What is pneumonia?
Pneumonia is an inflammation of one or both lungs, which is usually caused by an infection. This inflammation causes the tiny air sacs (called the alveoli) inside your lungs to fill with fluid. This makes it harder for the lungs to work properly. Your body sends white blood cells to your lungs to try to fight the infection. Although this helps kill the germs, it can also make it harder for your lungs to pass oxygen into your bloodstream.
What causes pneumonia?
Many different kinds of bacteria, viruses and, occasionally, fungi can cause pneumonia. The most common cause is a type of bacteria called Streptococcus pneumoniae, but in individual cases the cause can be unknown.
In winter the number of cases of pneumonia rises. This is because of infection spreading from person to person, and also because other infections are more common in the winter, such as influenza (flu). An infection with flu can lower your immune system, increasing your risk of picking up pneumonia.
What are the symptoms?
If you have pneumonia, you will feel unwell and experience symptoms that are similar to flu or a chest infection. The symptoms usually develop gradually over days, but sometimes they can progress much faster.
Almost all people with pneumonia will have a high temperature. This can sometimes be very high and you might also sweat and shiver. Another symptom is a cough that brings up phlegm (mucus).
If your breathing is quick, this suggests that the pneumonia is likely to be severe. Confusion is also a serious sign.
A sharp pain in the side of your chest, which becomes worse when you take a deep breath, usually means that pleurisy has developed. This happens when the thin outer covering of the lung becomes infected and inflamed by the pneumonia.
Who is most at risk?
Anyone of any age can get pneumonia. In adults, approximately 5-11 people out of every 1,000 get pneumonia each year in the UK. Pneumonia can be more of a threat for two groups of people:
- First, there are people who have a higher risk of developing pneumonia, such as those with a weaker immune system.
- Second, there are people who are not at extra risk of developing pneumonia, but if they do develop it they may experience worse effects. This group includes people with heart or lung disease and other medical conditions.

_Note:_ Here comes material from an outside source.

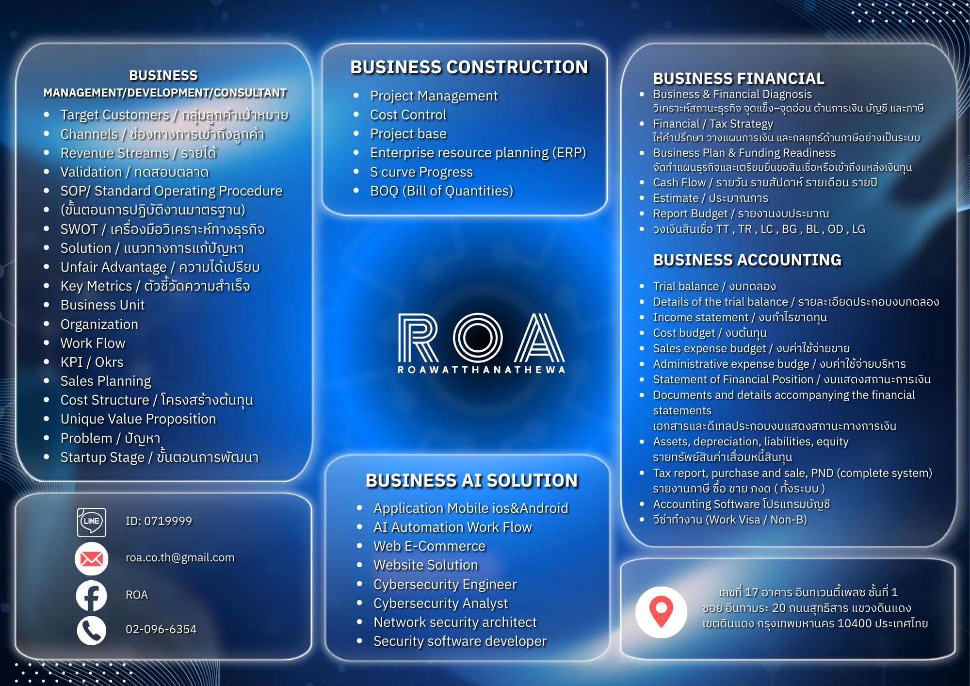 เราสามารถช่วยวางแผนและพัฒนาธุรกิจแบบครบวงจร ตั้งแต่ไอเดีย กลยุทธ์ ระบบงาน การเงินกและการบัญชี ไปจนถึงด้านเทคโนโลยีเพื่อให้ธุรกิจนั้นเติบโตอย่างเป็นระบบ

Both these groups need to take more care to reduce their chances of developing pneumonia and any potential complications. People in these high-risk groups include:
- babies and infants
- older people
- people with long-term heart, lung and kidney diseases, and those with diabetes
- people with cancer, especially those having chemotherapy or who have leukaemia or lymphoma
- people who smoke or drink alcohol to excess
- people receiving drugs that suppress the immune system, and those with HIV/AIDS
In addition to these groups, people who are in hospital for other problems sometimes develop pneumonia while they are there. This does not mean that the hospital is unhygienic, but that their resistance to the germs that can cause pneumonia has been weakened by their other medical problems.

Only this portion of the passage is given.